Treatment for mental illnesses are not as simple as treating a physical ailment. Psychosis occurs in about 97 percent of cases of serious mental illnesses. To make matters more difficult, 50 percent of psychosis cases are accompanied with anosognosia, the inability to understand that one has a psychotic illness. In accordance with the nation’s laws and court decisions, American patients decide whether they should be considered dangerous, trumping medical judgment. Judges think they are helping people by giving them full liberty over their lives, but their decisions ultimately hurt the individuals they try to help. Individuals who are not in control of themselves should not be given full liberty to make their medical decisions.
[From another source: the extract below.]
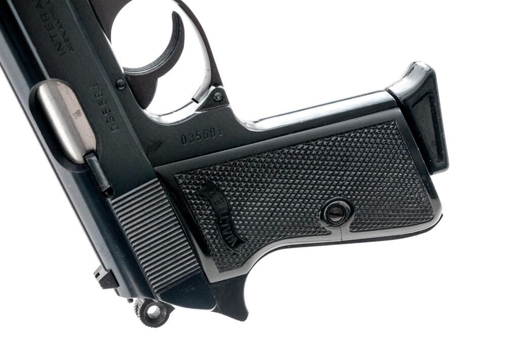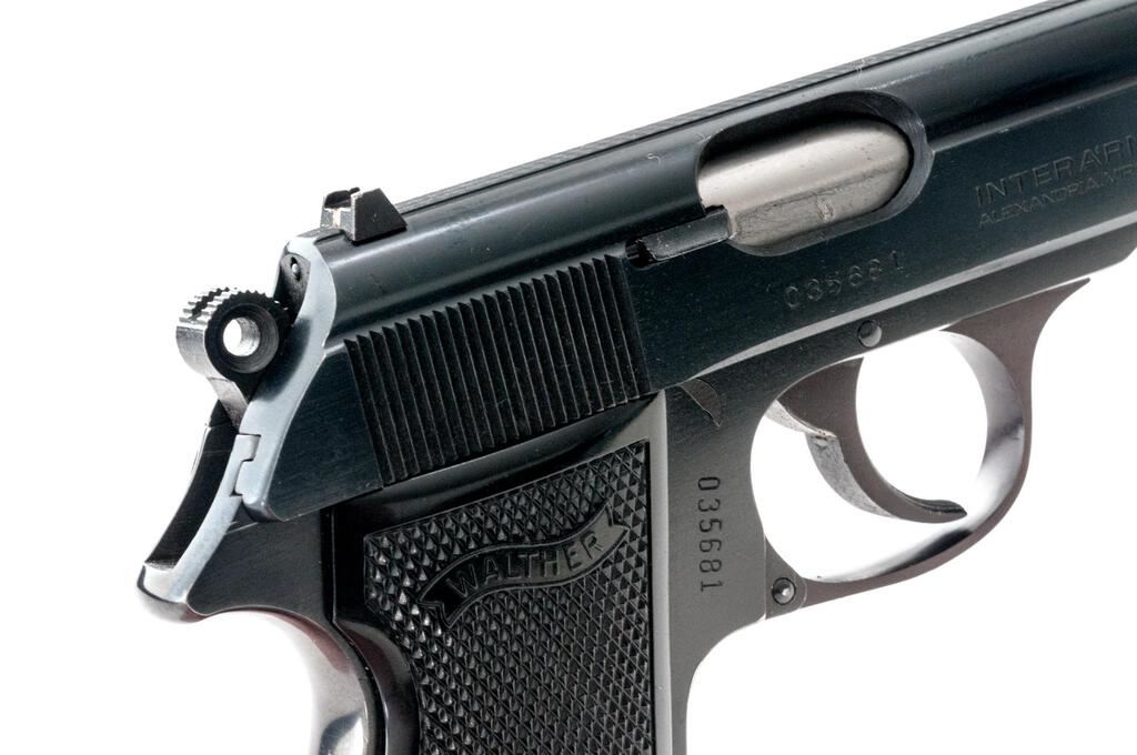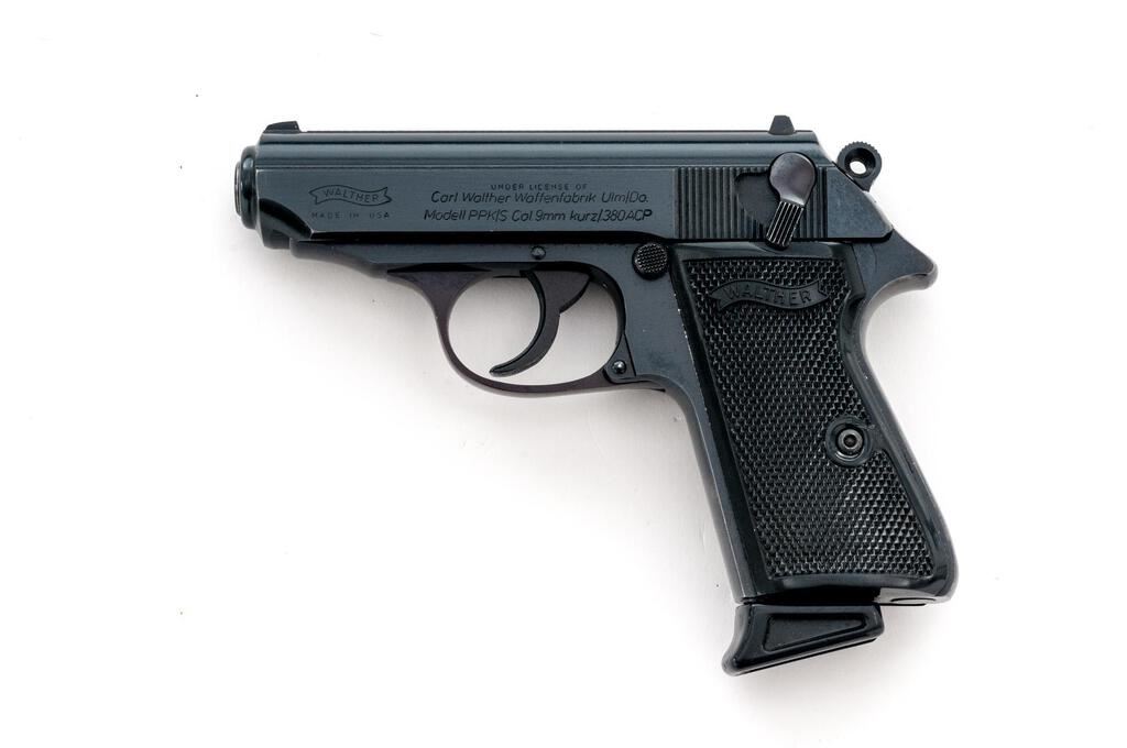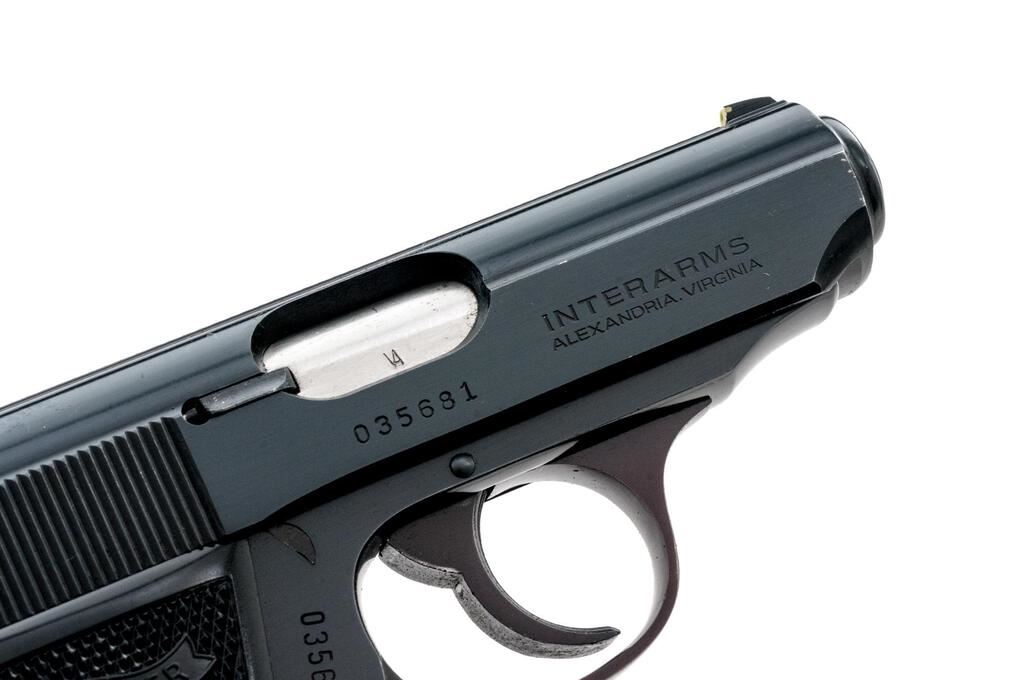 Walther Model PPK/S Semi-Automatic Pistol, #035681, .380 ACP cal., 3.25" barrel, blue finish, original checkered black plastic Walther grips, white-dot blade front and square-notched rear sight. Includes two (2) 7-rd. Walther magazines, one with black plastic finger extension and (1) one Mec-Gar 7-rd magazine. In original matching numbered black plastic Walther case with instruction manual and matching numbered test target. Right side of slide is marked "Interarms/Alexandria, Virginia". Made in U.S.A. Test target is dated 3/83. Pistol is in near excellent condition retaining approx. 98%+ factory blue with only a few slight handling marks. Grip checkering is sharp. Action operates smoothly, bore is bright with strong rifling. Est.: $600-$800. (Modern/PPT)

The Supreme Court decided in Washington v. Harper (1990) that the Due Process Clause allows a state to treat an inmate suffering from a serious mental illness with antipsychotic drugs against their will if they are considered dangerous or if the treatment is in their best medical interest. The state has a legitimate governmental interest both in reducing violence in its prisons and in giving prisoners the opportunity for rehabilitation. The Due Process Clause is in the Constitution for a reason, and failures to uphold people’s due process rights in any circumstance risks stripping them of their liberty. But America’s legal system needs to become more competent in the real-life repercussions that occur when such liberties are guaranteed to people who do not have control over their actions.
There is no single item that will completely fix the mental healthcare system. We can start with early education about mental illness and increase access to treatment. We can educate our politicians and judges so they make competent decisions about mental health law that helps affected individuals. We could treat every individual with a mental illness with the standard set out in Washington. Although people’s rights to liberty and autonomy should generally be upheld, one’s health and ability to be treated should overcome this idealization.